_Work instruction_
Give again, word for word, each line of the data from the first through the one containing "POWER BASE 尺寸圖". Pictures stay out.

····················

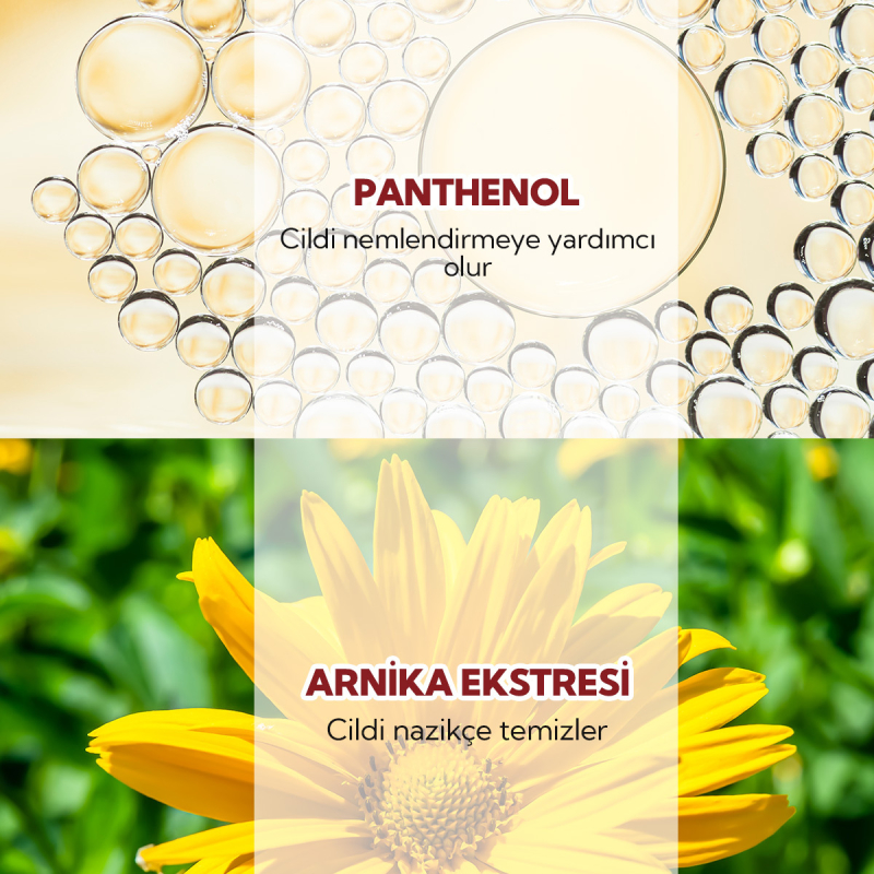 Arnika ve Aynısefa ekstreleriyle cildinizi nazikçe temizler ve nemlendirir.
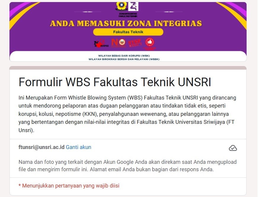 Formulis Whistle Blowing System (WBS) Zona Integritas Fakultas Teknik / Pengumuman / By tester Berikut link formulir Whistle Blowing System Fakultas Teknik Unsri : https://bit.ly/4iY3PlW
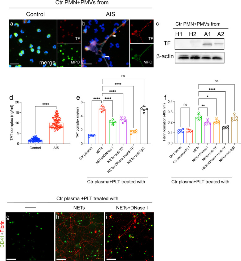 Results: A significant elevation in NET markers was found in patient plasma in AIS patients, and neutrophils generated more NETs from patients' neutrophils. HMGB1 expression was upregulated on PMVs from AIS patients and induced NET formation. NETs enhanced Procoagulant activity (PCA) through tissue factor and via platelet activation. Targeting lactadherin in genetical and in pharmacology could regulate the formation of NETs in MCAO model.
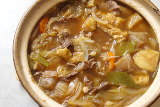 材料:豚ミンチ、玉葱、ブロッコリー、ぶなしめじ、かぼちゃ、オリーブオイル、マジックソルト、固形ブイヨン、クリームチーズ、パスタのためのオイルソース、パスタ、塩
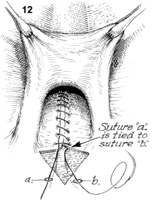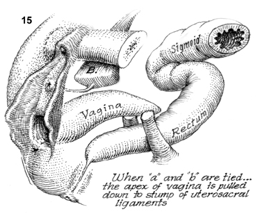 figure 12 are tied, the apex of the vagina is pulled down to the
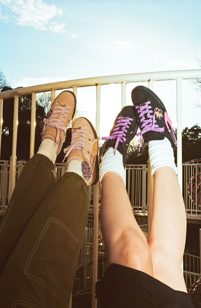 本コラボレーションは、クラシックなストリートスタイルにモダンでフェミニンな要素を加えたデザイン。
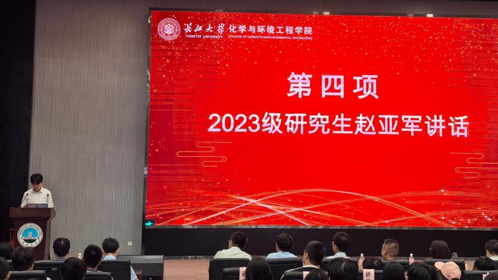 随后,本科新生代表曾可同学发言。她表达了初入大学的欣喜与憧憬,并围绕自立自强、勇于尝试与创新等内容,分享了自己对老员工活的理解与期待。2023级研究生代表赵亚军同学结合自身考研经历与科研实践,为学弟学妹们送上真挚寄语。他强调目标引领与时间管理的重要性,鼓励大家尽早明确发展方向,保持自律与定力,在求知路上坚定前行,收获充实而精彩的老员工活。
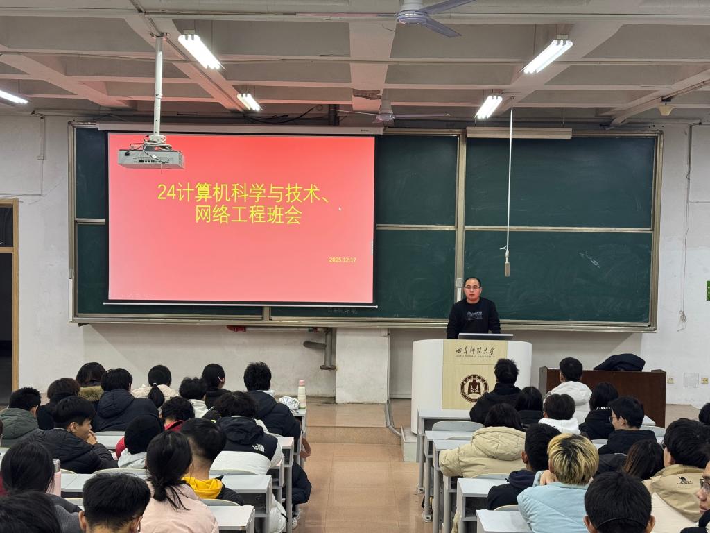 班会聚焦大二学生普遍关心的专业价值与社会应用问题,刘兆宇引导学生探讨“在人工智能迅猛发展的今天,计算机人才的核心竞争力何在?”“如何防止技术应用加剧数字鸿沟或伦理失范?”等现实议题。通过分析正面典型案例与潜在风险,他启发学生认识到,坚实的技术能力必须与正确的价值导向、深厚的家国情怀相结合,方能行稳致远。他鼓励学生将个人发展置于国家网信事业发展和科技自立自强的宏阔背景下考量,思考如何用自己的专业知识服务社会、贡献国家。
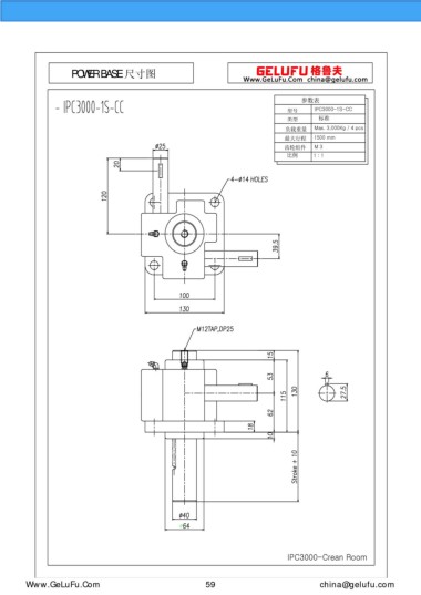 POWER BASE 尺寸圖 參數(shù)表 型號(hào) IPC3000-1S-CC 類型 標(biāo)準(zhǔn) 負(fù)載重量 Max. 3,000Kg / 4 pcs 最大行程 1500 mm 齒輪組件 M 3 比例 1 : 1 IPC3000-Crean Room eghtebas.com 59 china@gelufu.com
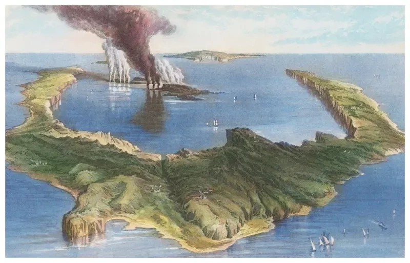 Ortasında yanardağ bulunan yuvarlak Santorini Adası'nın büyük kısmı patlamanın etkisiyle sular altında kalıyor.

····················

_Task response_
 Arnika ve Aynısefa ekstreleriyle cildinizi nazikçe temizler ve nemlendirir.
 Formulis Whistle Blowing System (WBS) Zona Integritas Fakultas Teknik / Pengumuman / By tester Berikut link formulir Whistle Blowing System Fakultas Teknik Unsri : https://bit.ly/4iY3PlW
 Results: A significant elevation in NET markers was found in patient plasma in AIS patients, and neutrophils generated more NETs from patients' neutrophils. HMGB1 expression was upregulated on PMVs from AIS patients and induced NET formation. NETs enhanced Procoagulant activity (PCA) through tissue factor and via platelet activation. Targeting lactadherin in genetical and in pharmacology could regulate the formation of NETs in MCAO model.
 材料:豚ミンチ、玉葱、ブロッコリー、ぶなしめじ、かぼちゃ、オリーブオイル、マジックソルト、固形ブイヨン、クリームチーズ、パスタのためのオイルソース、パスタ、塩
 figure 12 are tied, the apex of the vagina is pulled down to the
 本コラボレーションは、クラシックなストリートスタイルにモダンでフェミニンな要素を加えたデザイン。
 随后,本科新生代表曾可同学发言。她表达了初入大学的欣喜与憧憬,并围绕自立自强、勇于尝试与创新等内容,分享了自己对老员工活的理解与期待。2023级研究生代表赵亚军同学结合自身考研经历与科研实践,为学弟学妹们送上真挚寄语。他强调目标引领与时间管理的重要性,鼓励大家尽早明确发展方向,保持自律与定力,在求知路上坚定前行,收获充实而精彩的老员工活。
 班会聚焦大二学生普遍关心的专业价值与社会应用问题,刘兆宇引导学生探讨“在人工智能迅猛发展的今天,计算机人才的核心竞争力何在?”“如何防止技术应用加剧数字鸿沟或伦理失范?”等现实议题。通过分析正面典型案例与潜在风险,他启发学生认识到,坚实的技术能力必须与正确的价值导向、深厚的家国情怀相结合,方能行稳致远。他鼓励学生将个人发展置于国家网信事业发展和科技自立自强的宏阔背景下考量,思考如何用自己的专业知识服务社会、贡献国家。
 POWER BASE 尺寸圖 參數(shù)表 型號(hào) IPC3000-1S-CC 類型 標(biāo)準(zhǔn) 負(fù)載重量 Max. 3,000Kg / 4 pcs 最大行程 1500 mm 齒輪組件 M 3 比例 1 : 1 IPC3000-Crean Room eghtebas.com 59 china@gelufu.com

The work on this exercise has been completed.